On September 24, our group met at the Indian Pueblo Cultural Center to walk through an exhibition of photographs and textual comment entitled “INDIVISIBLE: African-Native American Lives in the Americas.” The presentation was a joint effort of the National Museum of the American Indian, the National Museum of African American History and Culture, and the Smithsonian Institution Traveling Exhibition Service.
The room that held the exhibit was small - almost intimate - and round with an overhead skylight. The effect was appropriately evocative of a pueblo hogan melded with a planes’ Indian teepee. The afternoon sun spilt down from the glassed hole in the domed ceiling lighting a resonant meld of cultures. Large sepia-toned photographs of folks whose faces held familiar, yet somehow indistinct, features hung on the room’s gently curving walls. Accompanying the photos were narratives telling the stories of the nuanced, complicated, and intriguing faces; narratives of discrimination against multi-racial, mixed-heritage peoples who descended from two groups that have suffered, arguably, the most heinous of America’s national crimes: genocide and ostracism of Native Americans and the enslavement of African Americans.
The exhibition roughly followed a chronological design that began with a history of race and policy in the world with roots in thirteenth century in Spain that spread into the Americas with Columbus. It sampled the Native and African rights movements from the 1700s through the Civil Rights activism of the 1960s, and outlined the historical, social and economic factors that wove these two peoples into “blended tribes” defying racial, cultural and political boundaries. It profiled well known African-Native Americans like Jimi Hendrix and the less renowned Miss Navajo Nation 1997, Radmilla Cody, and ended with a focus on the flourishing African-Native American culture - its richness, its strength and its teaching in true indivisibility.

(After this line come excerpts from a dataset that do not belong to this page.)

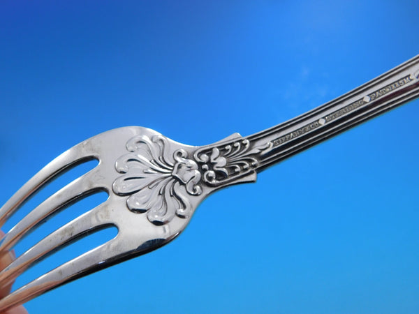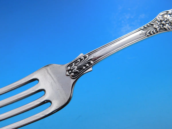 Patterns similar to our English King were first used in France and England late in the eighteenth century and have remained among the most popular styles for>flatware today, in both Europe and America. Tiffany Co. first made its own version of English King in 1885. It harmonizes with any eighteenth-century-inspired style neo-Georgian, Colonial, Louis XVI, Sheraton, Chippendale, Adam or Hepplewhite. The rich, intricate decoration of Tiffany's English King pattern reflects the luxurious entertainments given during the latter part of the eighteenth century and will enhance and give a sense of occasion to present-day settings.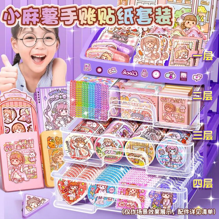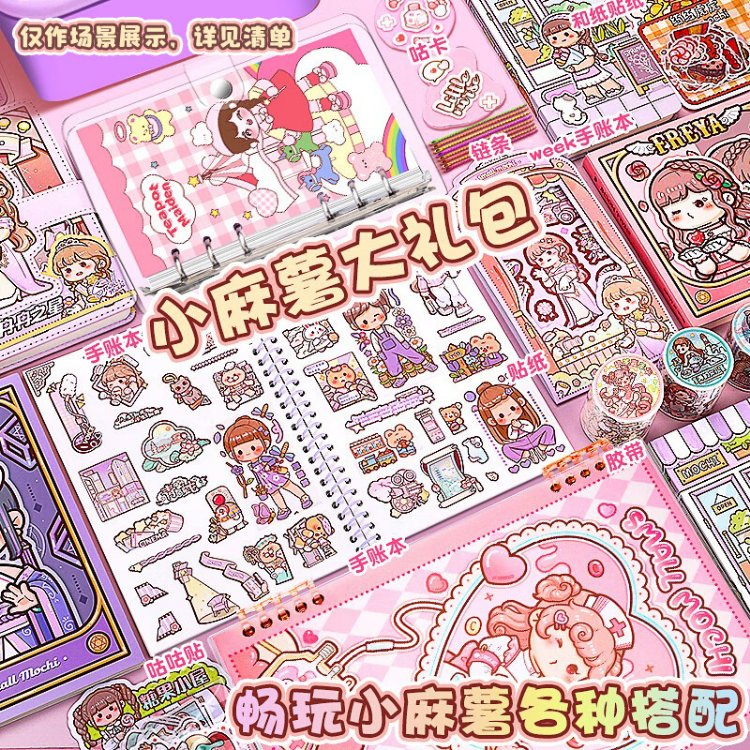 名遇 小麻薯全套手帐礼盒套装十岁女孩生日礼物咕卡贴纸胶带活页手账本玩具六一儿童节大礼包 204件
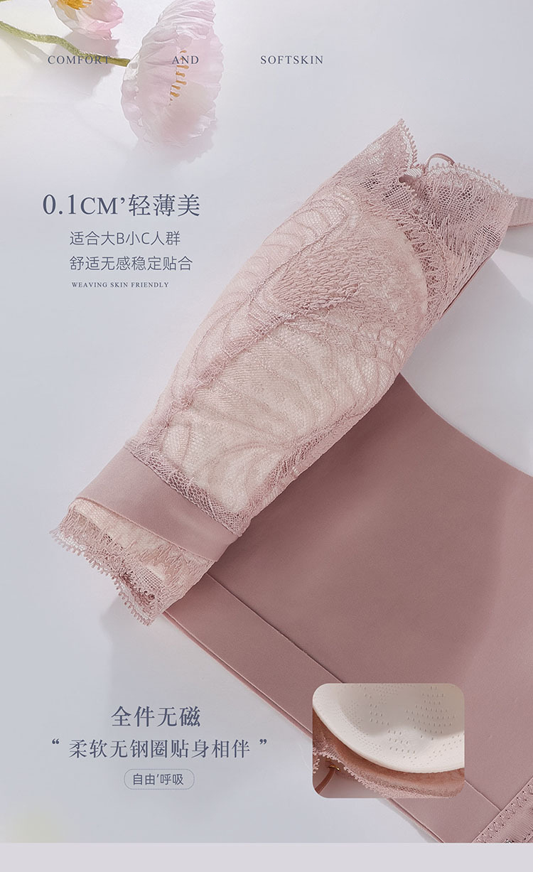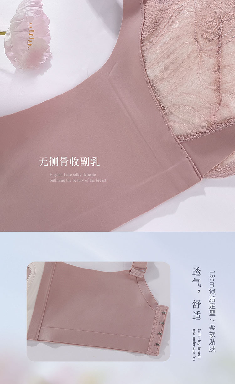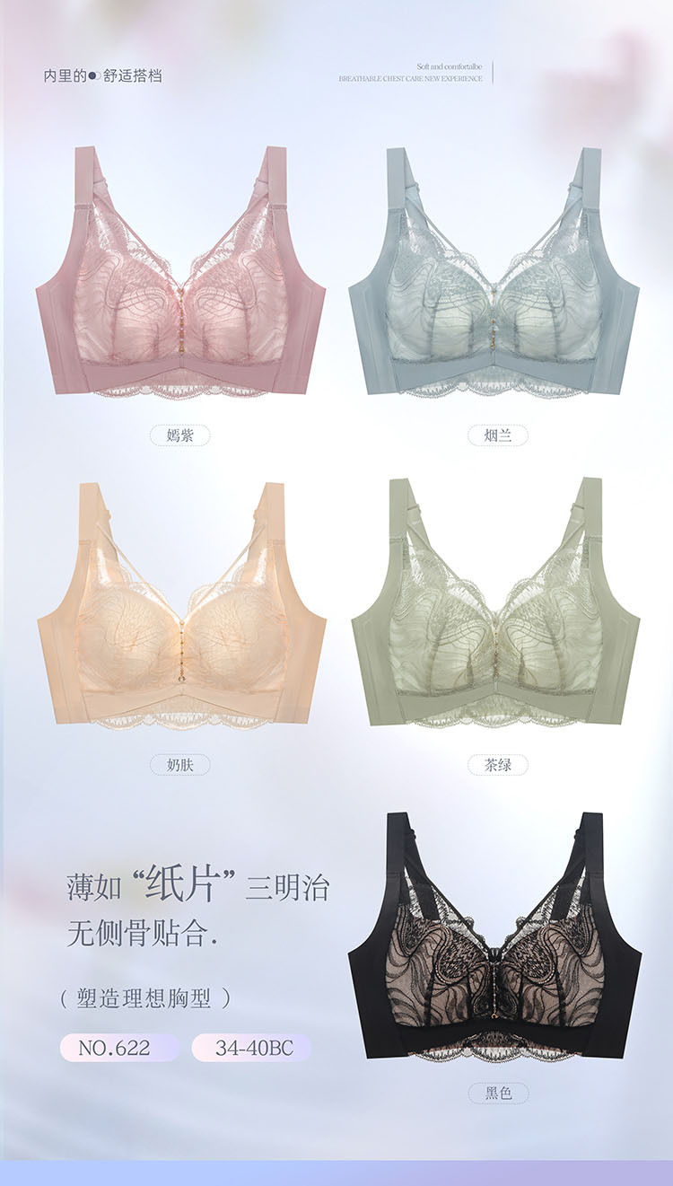 ZYQ-622 高档内衣薄款透气蕾丝性感美胸调整型纸片杯舒适收副乳无侧骨文胸(单件)

The variety of responses the exhibit elicited from our group and from me was surprisingly diverse. We talked about how oppressed groups who might be expected to bond against a common enemy were often driven apart by laws, such as blood quantum requirements, that pitted them against each other. We speculated about what it means to lose your land – whether by kidnapping or by conquering. We pondered how it feels to be marginalized, to wonder where in history one truly belongs and then we compared the “Heinz 57 Irish mongrel” who has no real heritage, no ethnic uniqueness or cultural authority with those who do have it and are oppressed for it - by the mongrels, no less. We were sad, we were educated, we were thoughtful.

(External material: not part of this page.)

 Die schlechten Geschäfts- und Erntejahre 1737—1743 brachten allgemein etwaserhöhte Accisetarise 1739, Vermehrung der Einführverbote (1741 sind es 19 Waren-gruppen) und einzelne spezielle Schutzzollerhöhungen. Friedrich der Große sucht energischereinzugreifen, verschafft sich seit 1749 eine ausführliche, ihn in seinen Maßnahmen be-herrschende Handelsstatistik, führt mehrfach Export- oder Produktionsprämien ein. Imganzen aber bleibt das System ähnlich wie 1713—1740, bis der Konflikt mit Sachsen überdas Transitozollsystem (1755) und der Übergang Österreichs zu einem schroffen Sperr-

For me, the provocation is ongoing. At one time in my life I provided legal representation to some of the Pueblos here in New Mexico, and during that time I became aware of the African-Native Americans in our midst, and of their rich ancestral lines. I did and do feel very much an outsider in this company. It is a welcome (if disquieting) otherness because it offers the opportunity to actually engage in pluralism. It removes from me the ability to operate out of the privilege I enjoy as a white “Heinz 57er.” It makes me believe that I am at the table by invitation not by right. And, the table is round – there is no panel in charge of the discussion. It is a conversation, and one in which I raise my hand, not call on others. Because I do not know what it is like to be, to see, to live the lives of the others at the table, it is a listening experience. I am as awed today as I was at my first San Juan Pueblo Tribal Council meeting by the hope, the gentleness, the integrity of those I have had the privilege of hearing.
The exhibit, thus, gave me a new and remembered context in which to consider pluralism and pragmatism and the conundrum created when the majority will not hear, when conversation is forbidden, when the power suppresses all but the powerful voice. What are the avenues, then, for pragmatic problem solving? The exhibit makes one possible answer, which is captured in its rhetorically masterful title. “INDIVISIBILE” not only embraces the intertwining of two cultures in resistance to oppression and in celebration of plaited traditions, it resounds with traditional American nationalism. It both emblemizes and demonstrates the achievability of pragmatic solutions to problems in a pluralistic society. It makes hope realistic.